### `shaprank` - An application to a _regression_ problem
In this notebook we run through a feature ranking example based on the `scikit-learn`'s dataset `diabetes`. We rely on `catboost` to grow a simple tree-based model that consumes all raw input features and then use this model trained on default hyper-parameters to produce the (Tree)SHAP values consumed by `shaprank`.

For the sake of compactness, to drive the main points, we only work with the full dataset and take no splits.

In [None]:
%load_ext autoreload
%autoreload 2

Import the required modules:
- `shaprank`: ranking engine
- `shaprank.explain`: an optional module with utilities to generate (Tree)SHAP-values given a model and the input data
- `examples`: the helper module supporting this tutorial notebook.

In [None]:
import logging

logging.getLogger().setLevel(logging.INFO)

import shaprank
import shaprank.addons.explain

import examples

Load the `diabetes` dataset (part of `scikit-learn`) into the frame `df`. The variables `c_inputs` and `c_output` are, respectively, the list of input features' names and the name of the regression target.

In [None]:
df, c_inputs, c_output = examples.load_dataset_diabetes()

Fit a `catboost` model on the raw data and using default hyper-parameters and then generate per-example (Tree)SHAP-values.

In [None]:
cb_model = examples.fit_catboost_regressor(df, c_inputs, c_output)

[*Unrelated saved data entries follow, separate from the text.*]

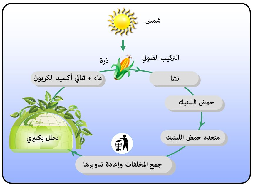 Recycling PLA in nature
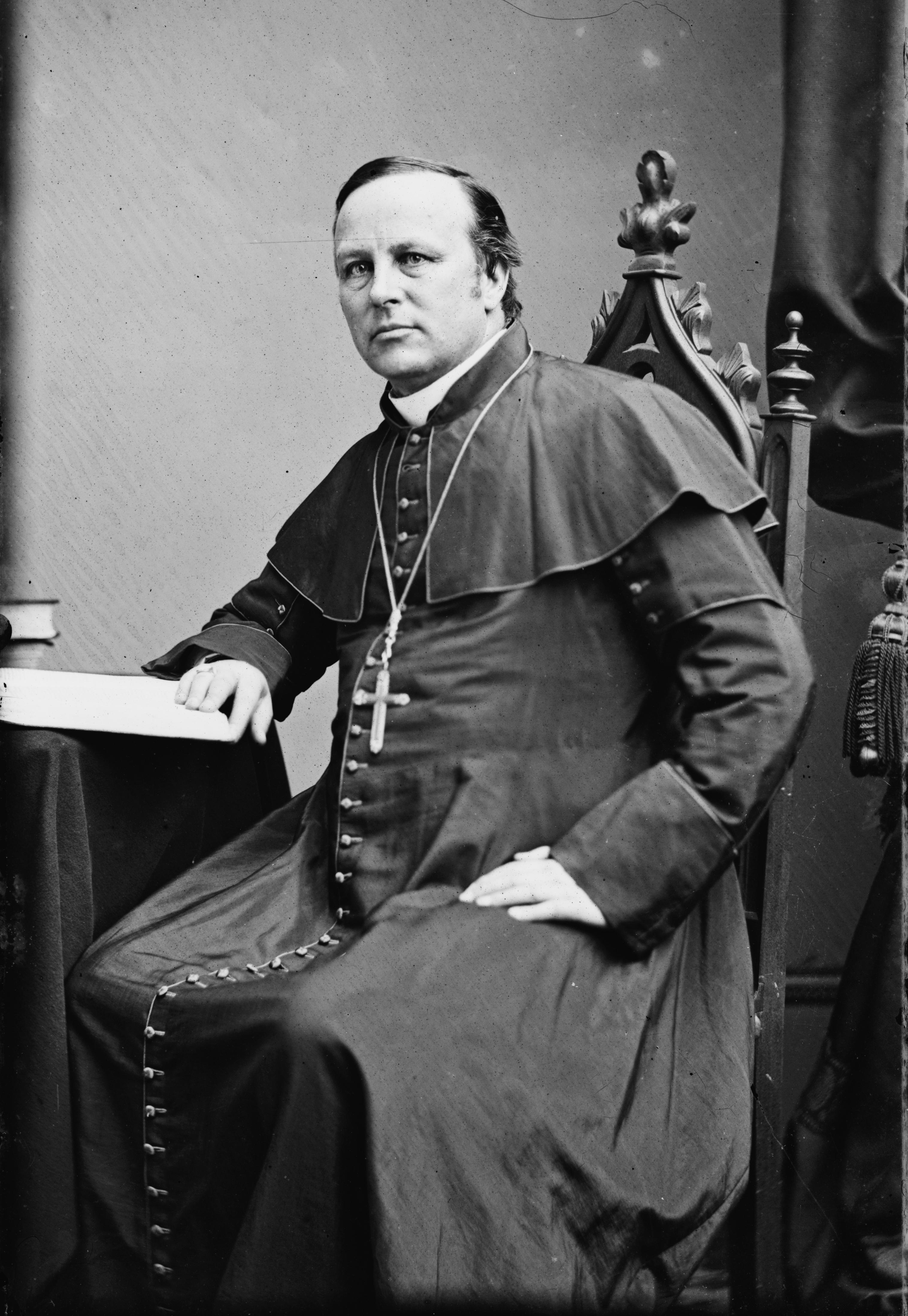 James Roosevelt Bayley. Library of Congress description: "Bishop Bayley"
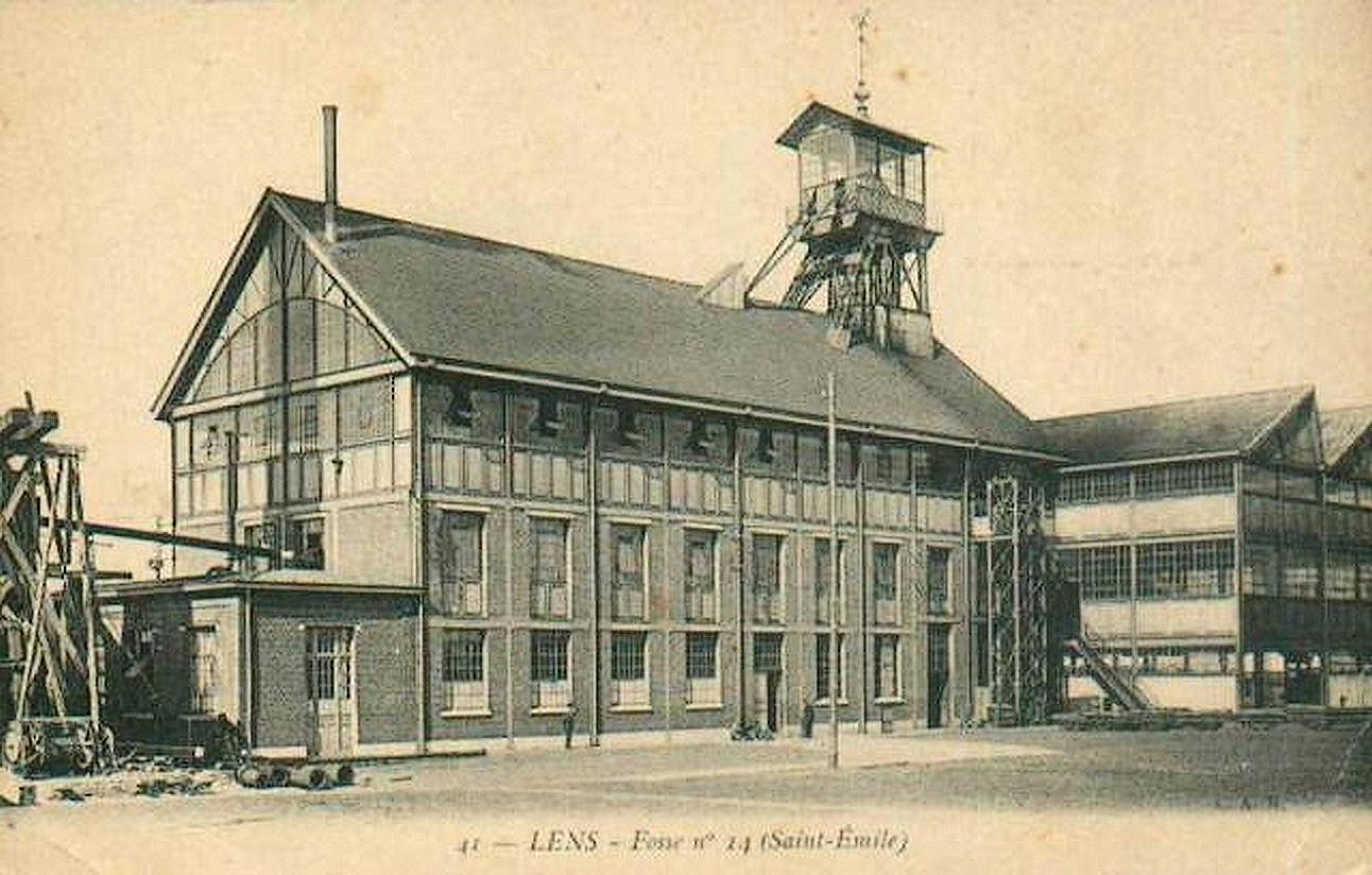 Coalpit n° 14, Compagnie des mines de Lens, Lens, Pas-de-Calais, France.

# concatenate the target column to the frame of SHAP values using `c_keep`
logging.info("Evaluating the SHAP values; find a few examples below.")
df_shap = shaprank.addons.explain.catboost.eval_shap_values(
    cb_model, df, c_keep=[c_output], prefix=""
)
df_shap.head(3)

### Greedy-search based feature ranking

Rank the input features using a "greedy search" algorithm that iteratively selects those features that provide the least contribution to a given optimization objective. Below, we inspect the results for `rmse` and `mae`.

In [None]:
result = shaprank.rank_regressor_features(
    df_shap, c_inputs, c_output, eval_metric="mae", verbose=True
)

In [None]:
result = shaprank.rank_regressor_features(
    df_shap, c_inputs, c_output, eval_metric="rmse", verbose=True
)

The `l1` ranking below coincides with the "average absolute SHAP value" ranking produced by `shap`'s [Global Bar Plot](https://shap.readthedocs.io/en/latest/example_notebooks/api_examples/plots/bar.html#Global-bar-plot).

In [None]:
(df_shap[c_inputs] - df_shap[c_inputs].mean(axis=0)).abs().mean(axis=0).sort_values(
    ascending=False
)

**Note**: Note that the `rmse` metric favours input `bmi` over `s5` whereas the `mae` metric and `shap`'s bar plot would rather pick `s5` over `bmi`. 

Which of these two inputs supports the better approximation of the target? Albeit marginally, `bmi` should be preferred over `s5` when the loss takes on a MSE-like form, resulting in a training loss on average `2%` smaller than the alternative. 

In [None]:
cb_model_bmi = examples.fit_catboost_regressor(df, ["bmi"], c_output)
cb_model_s5 = examples.fit_catboost_regressor(df, ["s5"], c_output)